My cheek pressed against the car door. Frank and Alyssa had fallen asleep on me during the ride to the church. Mom stared at the rose that she twirled over and over again in her hand.
Dad caught my eye in the rearview mirror, and taking a swig from a cup of black coffee ordered me to close my eyes.
“You don't want to be sleepy when we say goodbye to Grandma, right?’
“No,” I shook my head. “ I guess not.”
I spent the rest of the ride counting the droplets that fell from the sky.
The church that they brought her body to was more grand than any other that I had entered before. Its arched ceiling stretched to the heavens, stained glass windows depicted Jesus’s crucifixion, statues of Saints lined the walls, their feet covered in flowers and burning incense, candles dimly glowed at the foot of a large wooden crucifix and a statue of the Virgin Mother.
I didn't pay much attention to the ceremony. I was distracted not by the grandeur of the church, but by the weight in my chest. It was a feeling that I knew all too well. It was a grief, pain, the harrowing pang of loss. It never seemed to heal in me, it only grew more intense with each day.
The hollowness doubled when the ceremony ended and we followed a long black car to the hills.
They laid her under a tree beside her husband.
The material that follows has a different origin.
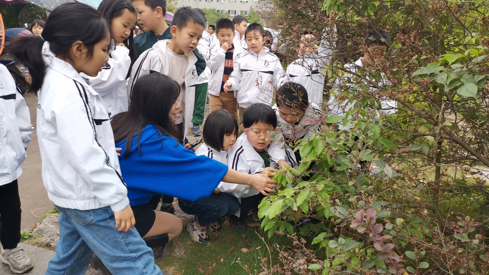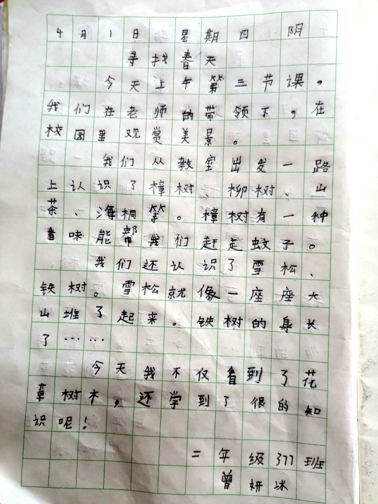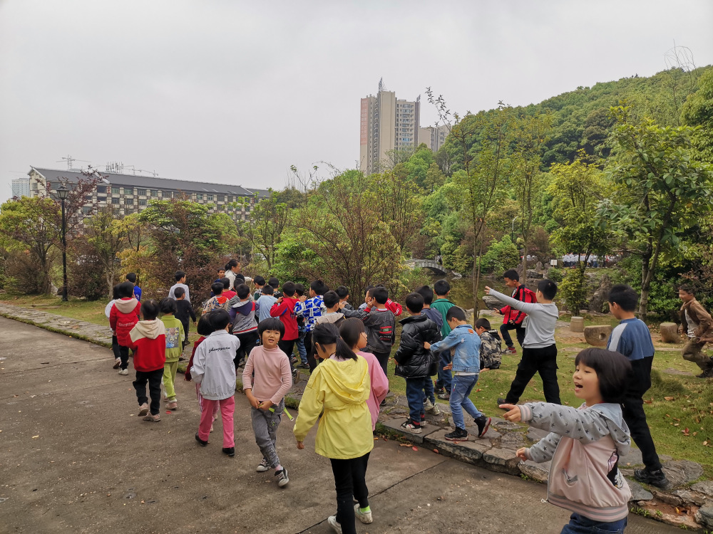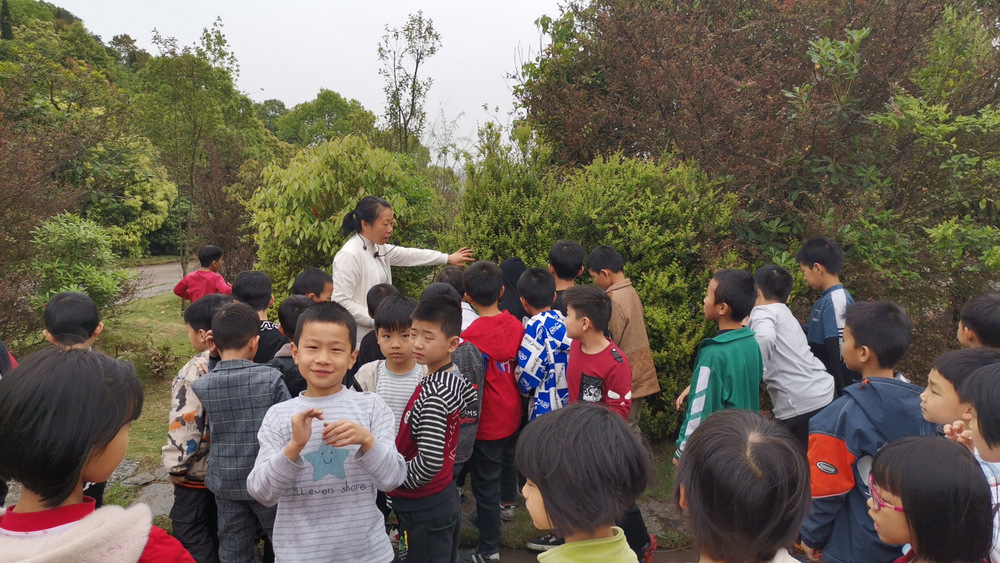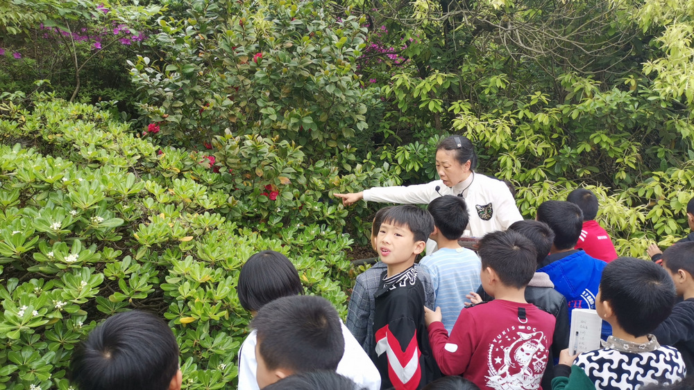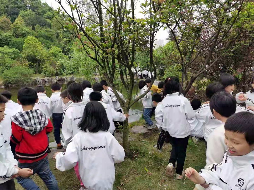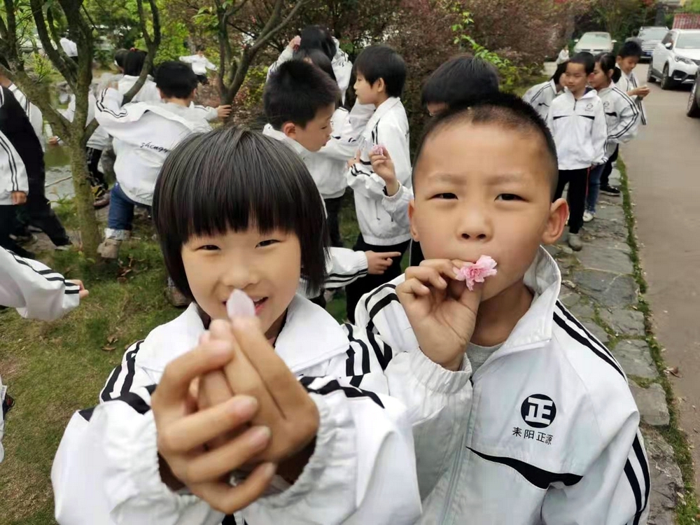 同学们欣赏着校园的美丽春景、花草树木,他们在实践中认识了樟树、雪松、迎春花、山茶花、樱花……他们和大自然的花草树木来了个亲密接触,增长了不少课外知识。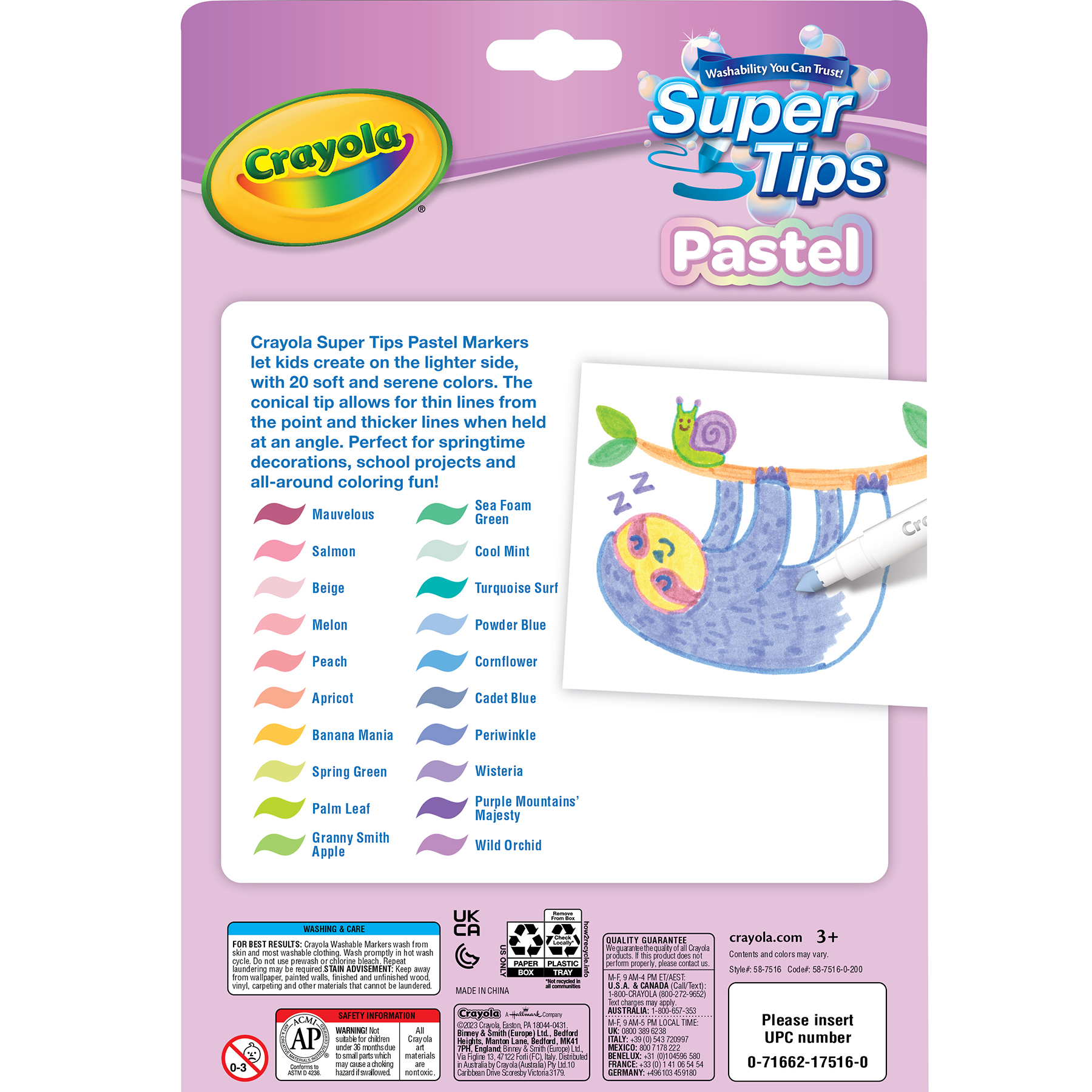 Add a splash of pastel color to your artwork with Crayola Pastel Supertip Washable Markers! This 20 count pack includes a variety of soft pinks, blues, and greens, perfect for adding a touch of whimsy to your school projects, coloring books, and crafts. The durable Supertips design allows you to create both thick and thin lines, making these markers versatile for all your drawing and writing needs. Plus, with the washable formula, you won’t have to worry about stains on skin or washable clothing. Stock up on these long-lasting markers, designed to provide endless creativity without drying out easily. These markers are also AP certified nontoxic, making them safe and child-friendly. Perfect for kids ages 4 and up, these Pastel Supertip Markers make a great gift for any young artist.

The drizzle grew heavier with each rose that was placed on her casket, and in the air the only noises were that of sorrow and the shoveling of the Earth.
Years later I still remember her face vividly. Her squinted eyes, button nose and portly cheeks are forever imprinted in my memory. Even now that she has long been gone I remember her fondly. Her land stands as a memory of a time when families would gather and feast while their children frolicked in open fields.